Studio album by Ugly Casanova
- Released: May 21, 2002
- Recorded: August 2001 Portland, Oregon Cottage Grove, Oregon
- Genre: Indie rock, folk rock, psychedelic folk, alternative country, neo-psychedelia, indie folk, gothic country
- Length: 49:55 (CD)
- Label: Sub Pop SP0552
- Producer: Brian Deck

= Sharpen Your Teeth =

Sharpen Your Teeth is the only studio album by the indie rock band Ugly Casanova. Brainchild of Modest Mouse lead singer Isaac Brock, Ugly Casanova was his attempt to try new methods and genres outside the realms of Modest Mouse. The album sees Brock performing on more instruments and using a more stripped down method of recording. The story given is that an eccentric character named Edgar Graham met with Modest Mouse while on tour. During their time together, Graham and the band recorded a few songs together, and Graham completely disappeared. In an attempt to get Graham to resurface, Brock took the recordings to Sub Pop Records, redid them in the studio, and had them released as Sharpen Your Teeth.

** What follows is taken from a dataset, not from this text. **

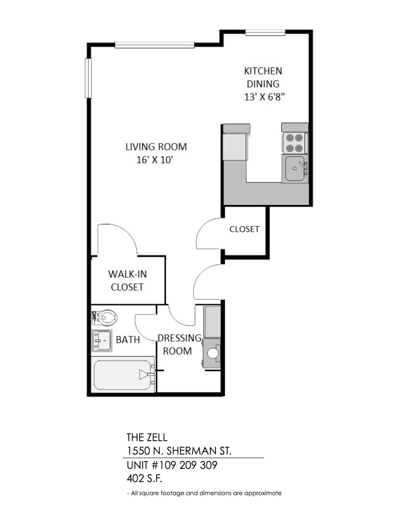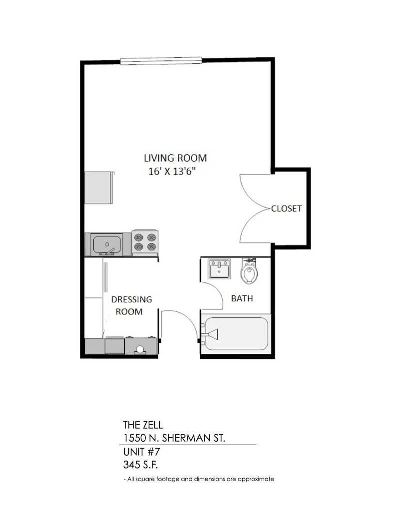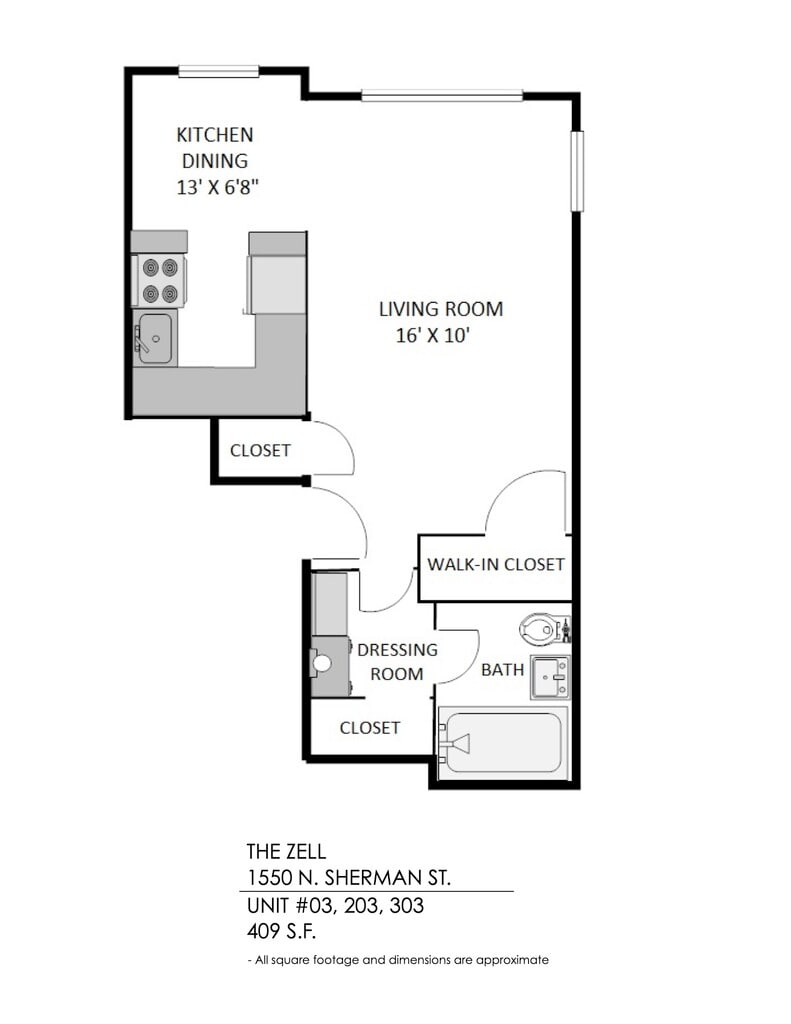 Estudio, 1 Baño, 345-409 pies²Disponible AhoraGalería del Modelo

It has since been revealed that Brock fabricated the story himself, using Ugly Casanova as a method of writing music whilst not being recognized instantly as Modest Mouse.

Professional ratings
Review scores
| Source | Rating |
| AllMusic | Star |
| Pitchfork Media | 7.3/10 |

==Track listing==
1. "Barnacles" (Isaac Brock, John Orth) - 5:05
2. "Spilled Milk Factory" - 4:26
3. "Parasites" - 3:36
4. "Hotcha Girls" - 4:59
5. "(No Song)" - 0:26
6. "Diamonds on the Face of Evil" - 3:16
7. "Cat Faces" - 3:36
8. "Ice on the Sheets" - 6:33
9. "Bee Sting" - 0:48
10. "Pacifico" - 2:31
11. "Smoke Like Ribbons" - 5:15
12. "Things I Don't Remember" - 3:29
13. "So Long to the Holidays" - 5:56
14. "Baby's Clean Conscience" - 3:15 (2015 Reissue - Bonus Track)
15. "Diggin' Holes" - 3:32 (2015 Reissue - Bonus Track)
16. "They Devised a Plan to Fuck Forever" - 4:27 (2015 Reissue - Bonus Track)
17. "Roads To Go To Roads To Go To..." - 3:09 (2015 Reissue - Bonus Track)

==Personnel==
According to the liner notes:
- Ugly Casanova (Isaac Brock)
- Tim Rutili
- Pall Jenkins
- John Orth
- Brian Deck
- Tyler Reilly

==2015 reissue==
In September 2015, it was announced that Sub Pop would reissue the album on black and limited edition yellow/white vinyl on October 30, along with four bonus tracks and an unreleased track from the album's recording sessions known as "They Devised a Plan to Fuck Forever".